Development of microsatellites from Rehmannia glutinosa transcriptome and evaluation of genetic diversity among Rehmannia species

• Fifteen primers of SSR markers were designed from Transcriptome sequences of Rehmannia glutinosa tuberous root.
• Rehmannia species showed the relatively low level of genetic diversity.
• Genetic relationships among Rehmannia species were investigated by both clustering and principal coordinates analysis.

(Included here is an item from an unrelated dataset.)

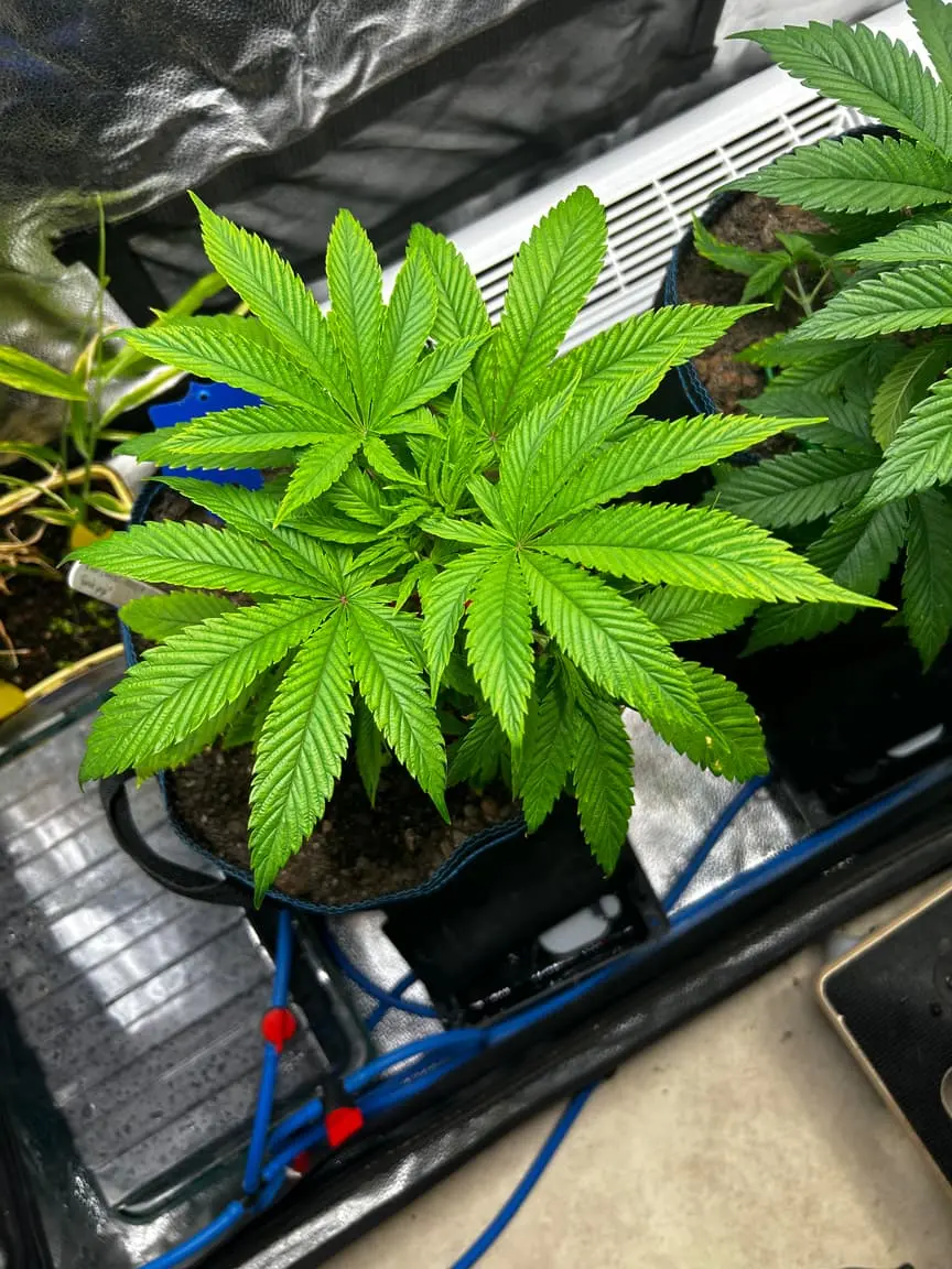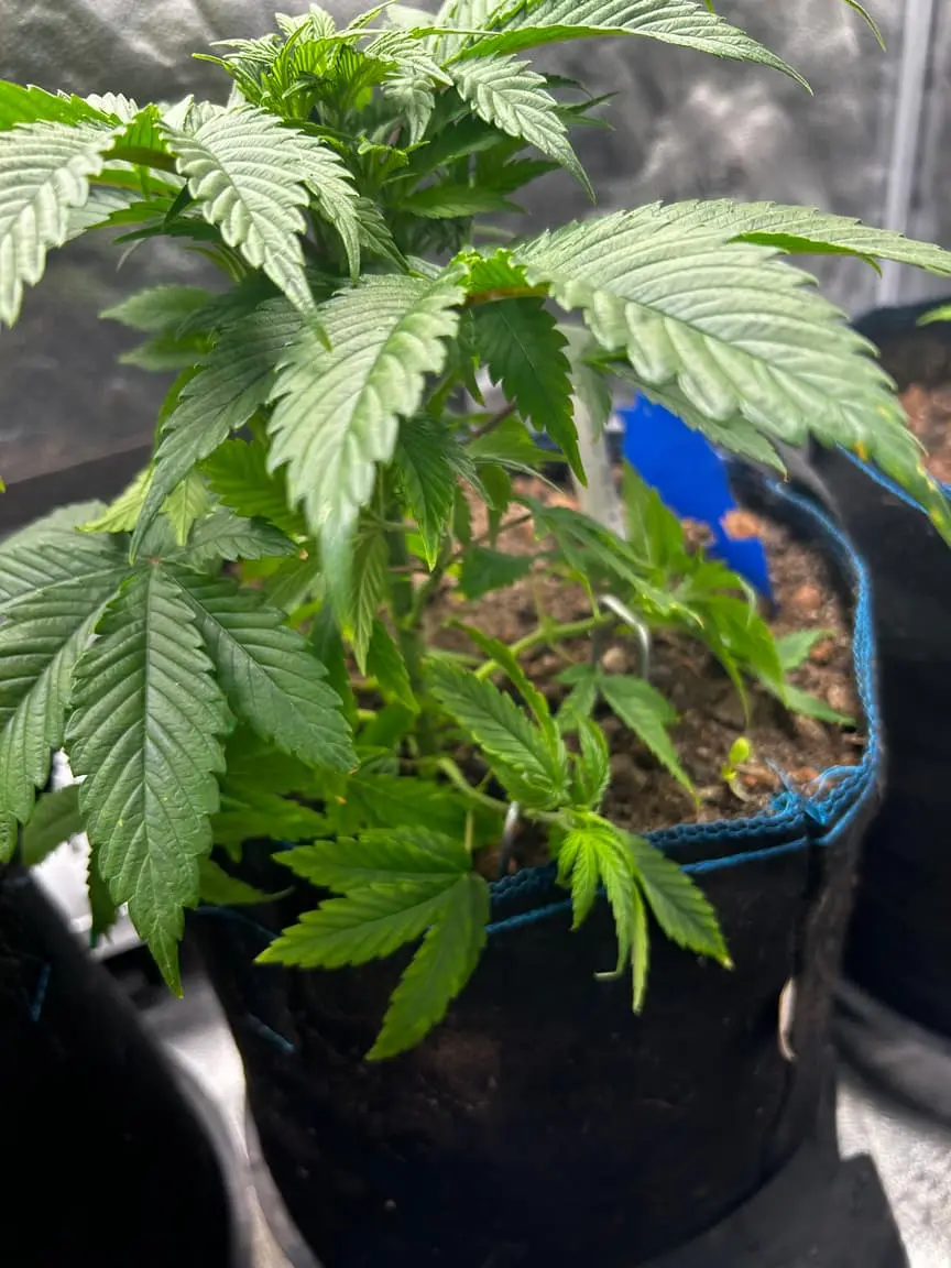 Die im plastiktopf würde ich schnell anfangen zu biegen. Sehr dünne Ärmchen und relativ große internodien… Stell die doch mal in die Mitte. Evtl zu wenig Licht?

Rehmannia glutinosa is a famous traditional Chinese medicinal plant with important medicinal value. However, the genetic background of Rehmannia glutinosa and related species remains largely unknown partially due to the lack of the molecular genetic markers. In this study, we developed 15 polymorphic microsatellite markers from Rehmannia glutinosa transcriptome databases and determined the genetic diversity among Rehmannia species. A total of 11,048 contigs containing perfect SSR loci were isolated from 374,444 Rehmannia glutinosa transcriptome reads. Among them, tetranucleotide repeat unit is the main type of SSR, accounting for 27% of all repeat types, followed by pentanucleotide, trinucleotide, dinucleotide and hexanucleotide motifs. Genetic diversity analysis showed that the number of alleles per locus ranged from 3 to 16, with the mean value of 9 and the average polymorphic information content of 0.71. The range of mean observed heterozygosity (Ho) and mean expected heterozygosity (HE) were 0.21–0.54 and 0.24–0.34, respectively, indicating the relatively low level of genetic diversity in Rehmannia. Both clustering and principal coordinates analysis (PCoA) supported that populations from the same Rehmannia species formed one distinct lineage, Rehmannia glutinosa, Rehmannia solanifolia and Rehmannia henryi are closely related while Rehmannia piasezkii are separated from other species. Our work offered a rapid and simple method to develop microsatellites and these novel set of SSR markers provided an effective tool for population genetics study of Rehmannia.